I've always operated under the "-est" system. This will be a chapter in my second book and in that chapter I put forth the concept that I always will remember a strive for the "-est" that being the greatest, the best, or anything thing to the superlative. However, again, how is this measured? How do I know where I rank with anything I do? When it comes to games there is an easy way and that's with leaderboards.
The pinball game I mentioned last week has an easy way; one either has the world record or they don't. The sad thing for me is that I will try and try and fight and fight for a world record and when I get it, well, there is a fleeting moment of accomplishment but then there is a sense of emptiness because I realize that a world record like this, in the grand scheme of things, doesn't mean much and proved nothing.
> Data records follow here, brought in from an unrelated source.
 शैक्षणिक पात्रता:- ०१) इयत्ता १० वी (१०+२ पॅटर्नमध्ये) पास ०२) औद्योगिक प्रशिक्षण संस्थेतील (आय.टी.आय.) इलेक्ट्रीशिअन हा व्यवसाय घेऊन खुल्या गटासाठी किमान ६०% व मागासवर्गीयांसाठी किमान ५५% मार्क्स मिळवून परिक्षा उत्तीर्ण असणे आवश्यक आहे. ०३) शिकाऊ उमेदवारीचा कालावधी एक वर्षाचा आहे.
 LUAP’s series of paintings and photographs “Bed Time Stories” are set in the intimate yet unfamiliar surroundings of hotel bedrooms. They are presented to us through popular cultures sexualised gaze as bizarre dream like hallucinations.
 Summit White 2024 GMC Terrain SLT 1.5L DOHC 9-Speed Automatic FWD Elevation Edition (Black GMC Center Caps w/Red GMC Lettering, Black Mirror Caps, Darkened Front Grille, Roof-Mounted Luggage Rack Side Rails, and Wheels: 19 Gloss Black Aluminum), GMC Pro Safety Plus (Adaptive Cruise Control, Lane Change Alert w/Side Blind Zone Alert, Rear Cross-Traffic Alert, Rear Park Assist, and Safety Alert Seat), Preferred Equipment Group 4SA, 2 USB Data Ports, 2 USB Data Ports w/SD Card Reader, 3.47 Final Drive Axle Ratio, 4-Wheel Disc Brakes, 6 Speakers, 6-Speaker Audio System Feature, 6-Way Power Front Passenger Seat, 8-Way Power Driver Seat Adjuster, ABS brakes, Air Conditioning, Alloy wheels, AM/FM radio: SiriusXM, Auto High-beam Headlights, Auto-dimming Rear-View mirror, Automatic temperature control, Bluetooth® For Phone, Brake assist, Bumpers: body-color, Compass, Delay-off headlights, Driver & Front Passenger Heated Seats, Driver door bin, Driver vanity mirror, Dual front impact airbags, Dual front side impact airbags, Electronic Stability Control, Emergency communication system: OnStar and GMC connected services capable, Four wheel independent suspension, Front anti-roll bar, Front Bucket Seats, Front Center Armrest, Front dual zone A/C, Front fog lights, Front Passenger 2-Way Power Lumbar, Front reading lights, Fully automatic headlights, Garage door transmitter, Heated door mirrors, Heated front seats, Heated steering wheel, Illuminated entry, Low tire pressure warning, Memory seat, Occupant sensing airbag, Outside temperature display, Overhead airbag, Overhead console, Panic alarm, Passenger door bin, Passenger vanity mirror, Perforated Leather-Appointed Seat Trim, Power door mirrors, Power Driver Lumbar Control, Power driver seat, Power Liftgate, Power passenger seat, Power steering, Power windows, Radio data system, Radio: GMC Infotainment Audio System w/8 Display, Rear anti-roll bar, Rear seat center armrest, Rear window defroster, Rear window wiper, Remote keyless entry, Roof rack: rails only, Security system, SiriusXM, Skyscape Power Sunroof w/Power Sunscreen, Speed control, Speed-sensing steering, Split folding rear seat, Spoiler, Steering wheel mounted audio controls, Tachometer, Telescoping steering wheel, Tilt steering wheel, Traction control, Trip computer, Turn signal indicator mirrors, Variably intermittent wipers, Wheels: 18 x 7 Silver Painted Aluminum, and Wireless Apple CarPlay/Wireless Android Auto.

I live with so many contradictions. Going for a world record means everything and getting it means nothing. Unless you have experienced this you may need to read that sentence several more times to maybe, just maybe, get a fraction of its meaning. On top of that I have always needed reinforcement on what I've done. That reinforcement comes in terms of being praised, but when certain people do give me praise I will instantly discount it because, if one of my parents give such praise it is, in my mind, either in simple kindness or through biased eyes. Whether or not that's the case, I can't really say, but that's the way my brain takes it which gets rather annoying to not be able to simply accept that something I've done is good.
Maybe another underlying factor is a sense of needing to be perfect. Perfection is something rarely seen, rarely experienced, and if one strives for it always, then they may just be setting themself up for a constant sense of always coming up short. I've mentioned this a few times in the past few months, but I am still waiting to have my first perfect presentation. I've been told I've given a few, but I just always know I can do a little bit better, to have a bit better pronunciation, to have slightly better timing and better responses to questions.
In the end, perhaps, it is simply that good is in the eye of the beholder and there is no quantifiable measurement of many aspects of life. How good is a friendship? How good are the words I've used? What's the score of this blog? The score of my previous presentation? These are all questions with no answers and living in an all or nothing, black or white world, a world without score or measurements, is a world of confusing feelings.
I set out writing this just wanting to explain it a little bit, but that previous paragraph is going to stay with me for a while. In fact, I'm going to go out on a limb and say that it was a good way to explain it. Yes, I'm going to allow myself the feeling of satisfaction on this because I may not have explained this all that well to you, but for the first time I have a firm grasp of why I've always been my biggest critic and why other' words of praise has had no standing. Yes, all in all, I will rank this blog as good.